My uncle’s living room was furnished with antiques that he had collected over the years so I sat down gingerly on a couch that looked to be the sturdiest of the lot.

“Have you had lunch?” he asked.

“Audrey fed me.”

“Well. How is Audrey?”

“All right.”

“I was about to have a martini, but since you’ve eaten perhaps you’d like something else.”

“A beer would be fine.”

My uncle nodded, went through the dining room into the kitchen, and came back with a tray that bore a tall Pilsener glass, a bottle of imported Beck’s beer, another glass, and a small silver shaker that I presumed contained his martini. He put the tray down, poured my beer, gave the shaker a couple of swirls, filled his glass, and carefully sipped his drink.

The final part of his ritual was a solemn, judicious nod and after he was through with that I said, “What do you care what happened to Arch Mix?”

“I like your moustache. Is it new?”

“It’s two years old.”

“It makes you look faintly like Fredric March. A young Fredric March, of course.”

“Come on, Slick.”

He reached inside his blue blazer, brought out a silver cigarette case, politely offered me one, which I refused, took one for himself, lit it, and then smiled and said, “Audrey told you of my interest, of course.”

“That’s right.”

“Well, you might say I have a professional interest in what happened to Arch Mix.”

“I thought you’d retired.”

“From the agency, dear boy, but not from life. I started up my own little consultancy about a year ago. Yes, I suppose you wouldn’t know about that because we haven’t seen each other in almost two years, isn’t it?”

“About that.”

“I got your Christmas card.

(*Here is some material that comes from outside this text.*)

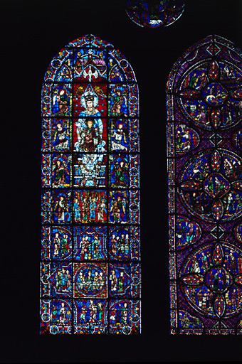 Lancette gauche (Notre-Dame de la Belle-Verrière) verrière composée en étoile à cinq panneaux et demi-médaillons dans les trois registres inférieurs, puis panneaux carrés ou rectangulaires, bordure à palmettes libres ou dans des cercles ; lancette droite composée de trois grands cercles divisés en cinq panneaux, demi-quadrilobes latéraux, mosaïque à résille oblique, bordure à feuillages en arceaux.

Did you get mine? Yours was really quite clever.”

“Ruth did it.”

“How is that charming woman?”

“Fine.”

“Remarkable woman.”

“Yes.”

“However does she stand the isolation?”

“She has me.”

“Yes, she does have you, doesn’t she, and the goats, too, of course.” He made it sound as if the goats were her salvation.

“Let’s get back to Mix,” I said.

“Well, dear boy, I suppose I really should ask why you would even care that I’m interested in what happened to Mr. Mix.”

“Roger Vullo is going to pay me a lot of money to tell him what I think happened.”

“Just for your thoughts on the matter?” He had picked up immediately on the think I had used, which was another good reason to call him Slick.

“Just for my thoughts,” I said.

“Little Roger,” Slick said in a musing, almost dreamy tone. “I knew his daddy quite well, you know.”

“I didn’t.”

“Yes, we served in the OSS together. Little Roger wasn’t born then, of course.”

“No.”

“I understand he has set up a foundation of sorts to look into all kinds of interesting things.”

“Conspiracy,” I said. “He sees it everywhere.”

“Well, they do seem to be burgeoning everywhere.”

“Conspiracies?”

“No, dear boy, organizations or foundations or committees or what have you that have been set up to poke about in them. Most of the time they seem to be dead set on casting my former masters as the villain in each piece.”